Yes, A is the receiving array of the split() function. It has index values 1 .. 4 (which never will match $1 nor $2 in file2) and is overwritten for every line read from the input file, so after reading the entire file1 it will hold the last line in A[1] and the residual fields in A[2] till A[4], never to be matched by following records from file2.
Plus, with file2 being the last file worked upon, the output - should it be generated at all - would have four lines only.

yifangt · September 8, 2017, 3:47pm

I figured out the problem which should be:

awk 'FNR==NR {split($1, A, "_"); B[A[1]]=$0; next} {print B[$1],$2} ' file1 file2

Thanks again!
Aha, I am soooooo glad I got the same as MadeInGermany!

Thanks for all your input!

RudiC · September 8, 2017, 4:05pm

Are you aware that you don't get your desired output from post#1 with your approach in post#12?
It would yield four lines only, and all R1.fq.gz would have disappeared

yifangt · September 8, 2017, 5:03pm

Thanks RudiC!
I was too excited to notice the problem, which is a serious bug for sure.
Seems the files order must be changed because of the similarity of the _R1/R2.fq.gz file names.

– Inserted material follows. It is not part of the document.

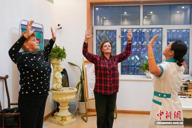 10月11日,黑龙江饶河,俄罗斯游客在中式康养馆体验中式健身操。中新社记者 赵宇航 摄
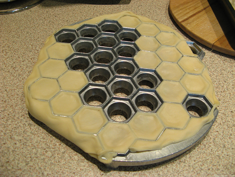 У родственников была приспособа из дюраля с шестиугольными отверстиями для лепки пельменей. Одна была из порошка. Типа такой:

awk 'FNR==NR {B[$1]=$2; next} split($1, A, "_"){print $0, B[A[1]]}' file2 file1

However, if I do not change the files order, how to fix this bug if possible, Please?
Thanks again!

RudiC · September 9, 2017, 5:33am

It is possible, but that solution wouldn't lend itself naturally. You'd need to suck in the entire first file - which I presume is larger - into RAM and either store it in two arrays (key and entire record) or have an algorithm search the key later. Then, for every line in file two, you'd need to run through ALL keys to find ALL occurrences of the key for printout. All that can become lengthy for huge files.